I tried to get her some home support, but the attempts of the district nurse to get her to take her blood pressure tablets regularly were spectacularly unsuccessful. The nurse brought a container labelled with the days of the week, into which she put the correct number of pills for each day. My grandmother slid the lid on a different way each time she took out a pill. So Monday would first become Sunday, then Monday again, and she’d take two lots of pills on one day and none the next.
Then she started putting the cat’s worming pills into the container, and that’s when the district nurse gave up.

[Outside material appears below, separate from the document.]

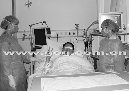 重癥監(jiān)護(hù)病房劉蘭主任醫(yī)師介紹說(shuō),周某剛轉(zhuǎn)到ICU時(shí),出現(xiàn)呼吸衰竭,病情已是危在旦夕,非常嚴(yán)重。醫(yī)護(hù)人員緊急采取搶救措施,對(duì)其進(jìn)行插管,上呼吸機(jī)幫助他呼吸,在插管的過(guò)程中,病人喉管里還有血性盛出液外噴,由于病情危重,上呼吸機(jī)的那天直到第二天早上,周某一直是100%純氧供給,之后才降為90%,80%慢慢下降供氧比例。
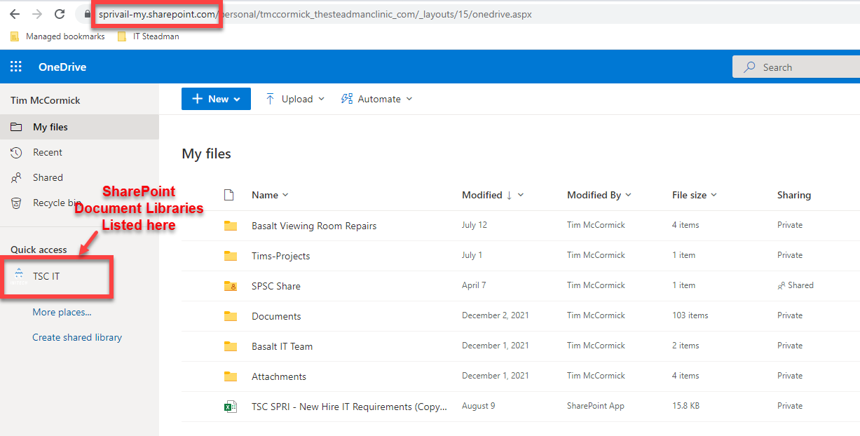 Step 2: Access your OneDrive files and your SharePoint files in one location.

My gran had seemed a bit forgetful for a few years, and I remember being very irritated that she was incapable of taking an accurate telephone message. I even lost a job and gained 20 parking fines because of her blundering on the phone. But it wasn’t until my grandfather died, when she was seventy-nine, that the cracks started to widen.

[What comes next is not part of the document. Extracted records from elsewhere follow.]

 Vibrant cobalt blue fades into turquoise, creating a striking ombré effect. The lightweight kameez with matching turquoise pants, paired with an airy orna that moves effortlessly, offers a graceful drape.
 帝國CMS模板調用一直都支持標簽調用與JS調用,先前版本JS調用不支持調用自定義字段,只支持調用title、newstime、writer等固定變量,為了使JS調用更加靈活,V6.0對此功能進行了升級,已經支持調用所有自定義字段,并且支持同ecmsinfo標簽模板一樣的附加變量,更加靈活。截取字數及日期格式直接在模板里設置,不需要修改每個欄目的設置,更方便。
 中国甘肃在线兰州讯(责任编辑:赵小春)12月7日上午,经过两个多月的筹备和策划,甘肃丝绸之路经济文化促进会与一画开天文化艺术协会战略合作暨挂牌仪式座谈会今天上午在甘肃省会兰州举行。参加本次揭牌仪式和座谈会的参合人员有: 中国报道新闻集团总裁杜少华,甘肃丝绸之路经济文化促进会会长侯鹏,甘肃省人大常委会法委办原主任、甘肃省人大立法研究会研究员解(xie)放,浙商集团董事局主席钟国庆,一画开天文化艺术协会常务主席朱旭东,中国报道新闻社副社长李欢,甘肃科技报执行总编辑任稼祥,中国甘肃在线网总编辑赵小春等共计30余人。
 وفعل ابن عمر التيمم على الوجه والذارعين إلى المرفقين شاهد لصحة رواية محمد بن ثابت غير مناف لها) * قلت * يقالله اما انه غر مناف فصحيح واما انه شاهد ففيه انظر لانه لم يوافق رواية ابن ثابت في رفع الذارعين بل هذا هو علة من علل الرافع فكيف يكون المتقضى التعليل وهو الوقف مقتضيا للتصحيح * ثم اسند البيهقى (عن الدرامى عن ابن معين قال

She dealt with her grief in typical fashion.
“I’ve bought a new cooker. Tom was too tight to spend the money. You can’t take it with you, and it’ll burn where some of ‘em are going.”

But my grandfather had always dealt with their finances, so she started paying her pension into one account and her bills out of another. I had her pension paid directly into her current account and set up direct debits for all her bills, but she foiled this simple arrangement by walking into town to pay the “balance paid” on her account.
I had words with one of the utility companies, which had allowed her to go hundreds of pounds into credit.

But I think it was the cats which finally made me realise she wasn’t coping.

I went round to see her and Kizzy was wrapped up in a blanket on the settee.

“He’s not very well,” she told me. I went to have a closer look. His staring eyes were bulging, his legs were stuck out in front of it like a furry occasional table, and he was obviously long dead.

Later a relative went on holday, and she told me she’d lost one of his two cats she was looking after. I knocked on neighbours’ doors and reported it missing. When the relative returned home and I went round to explain, he said,
“We only left her with one.”

I eventually managed to get the local Alzheimer’s nurse to visit once a week, and one day she called me at work to say my gran had been upset that morning because her cat had died. So the nurse had buried it in the garden for her.
Unfortunately my grandmother’s last cat had died two years earlier.

I laugh now, and I laughed at the time; a lot. But it was all part of her steady decline. Eventually she went into St Saviour’s hospital for a six-week assessment. She didn’t return to her own home, but even two years later I couldn’t drive her past her old house without her chiding me,
“Where are you going? You’ve driven straight past.”

Once she was in residential care, she was clean and sweet smelling. She had her hair shampooed and set every week and ate healthy meals. Whenever I went to see her she complained about the other residents,
“Look at ‘em all just sitting there like a lot of lemons. Never been to Guernsey, half of ‘em.”

She didn’t lose the ability to eat or talk, and we had endless circular conversations about what I was doing, who my boyfriend was and where her husband was. She eventually forgot he’d died and it seemed kinder to let her believe he was “down the pub” or “up the boxing”.

In many ways she was happier as the disease progressed. At the beginning she’d been anxious and aggressive, as she was aware her memory was failing. She’d check the oven was off three or four times before she left the house and spend hours every day searching for her handbag.
But once she lost a grip on reality, she could live from moment to moment.

I was always greeted with,
“What you doing here? Your hair wants a brush through it.”

I never felt her quality of life was unacceptable, and I always enjoyed her company and her lust for life - even when I was driven mad by the constant repetition.

Now though, as I keep an eye on my mother, I worry for my children if I succumb to the disease. After a short time of anxiety, I’ll eventually slip far enough into an eternal present to live a contended Groundhog Day half-life.

They’ll be the ones who’ll have to cope with losing their mother, slowly.

I only hope they’ll be able to laugh with me, as I did with my Gran.

This article appeared in Jersey Now in 2005.